Our PCR gels were running on 200 volts in the lab when the announcement from President Tania Tetlow hit our devices. Like all other colleges in New Orleans, Loyola University New Orleans would immediately shift to remote learning for the rest of the spring semester. Within a matter of days, I needed to assume an online identity, ramp up remote teaching tools and build a home office. While difficult to swallow, this unprecedented social distancing experiment endeavors to protect our community and dampen the outbreak.
Amazingly, PCR was successful for every single student in the lab that afternoon: products in the right lanes and clean controls. This would be the equivalent of implementing a robust diagnostic test in the heat of an outbreak. It felt like my March Madness pick had just sunk 14 consecutive free throws to win the game, wearing lab coats and gloves.
We packed up pipettes and unplugged equipment. We perfected our hand-washing technique using Glo Germ solution and ultraviolet light. We vowed to do our part to scrub hidden germs from our hands and to spread only good science.
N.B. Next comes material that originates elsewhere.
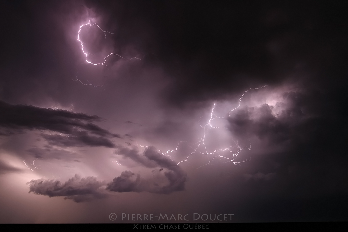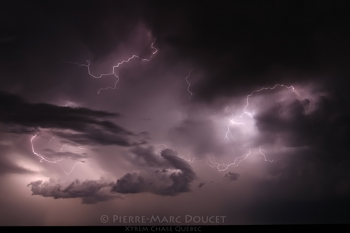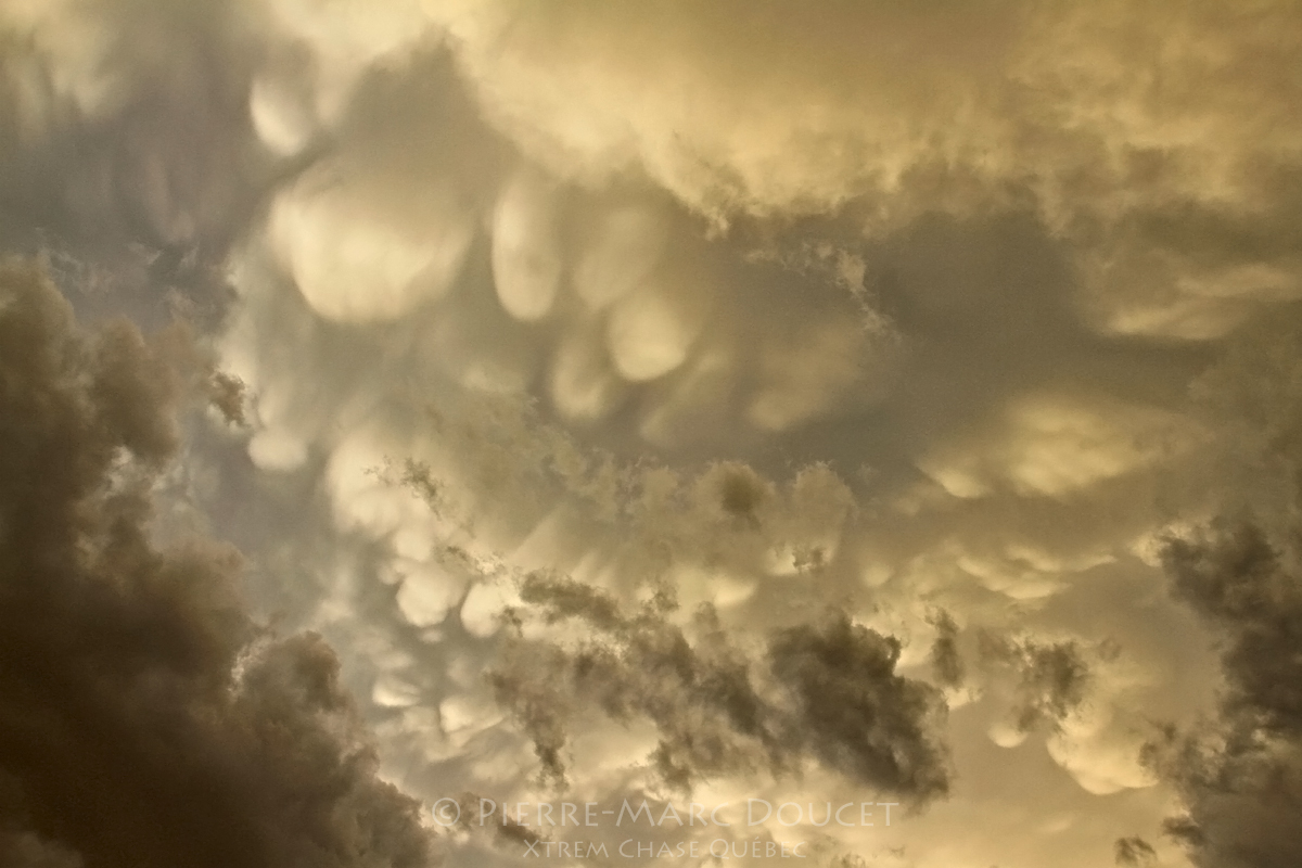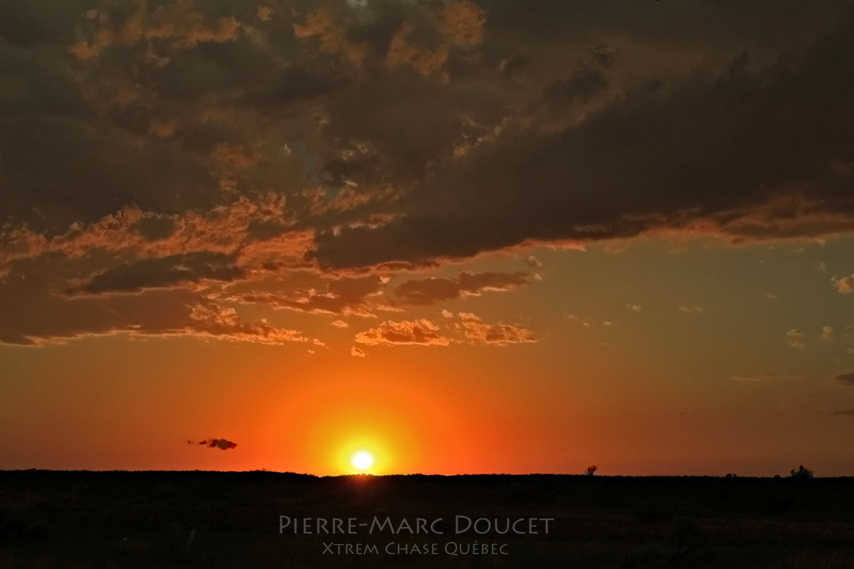 Plus la journée avançait plus les orages se développaient et se maintenaient en forme. Nous avons eu droit à de très beaux mammatus directement au-dessus de nous ! Le coucher de soleil était aussi très beau, typique des plaines ! Mais le plus beau spectacle de la journée allait bientôt s’offrir à nous !

As we venture into this journey of remote learning together, I have allowed my syllabus to slip from the vintage enamel-top table in my home office. Embracing the experimental nature of teaching and learning in this moment is the way through it. Inviting our students to roll up their sleeves with us to marvel at crown-shaped proteins, scrutinize the sequences of viral genomes and comb through data from emerging clinical trials is what we must do.
Our online personas must cultivate a tight scientific learning community during this time of social distancing. Empowering our emerging scientists to implement rapid diagnostic tests, launch vaccines and clinical trials, debunk pseudoscience, and continuously strive for social justice will be our pedagogical gift to the future.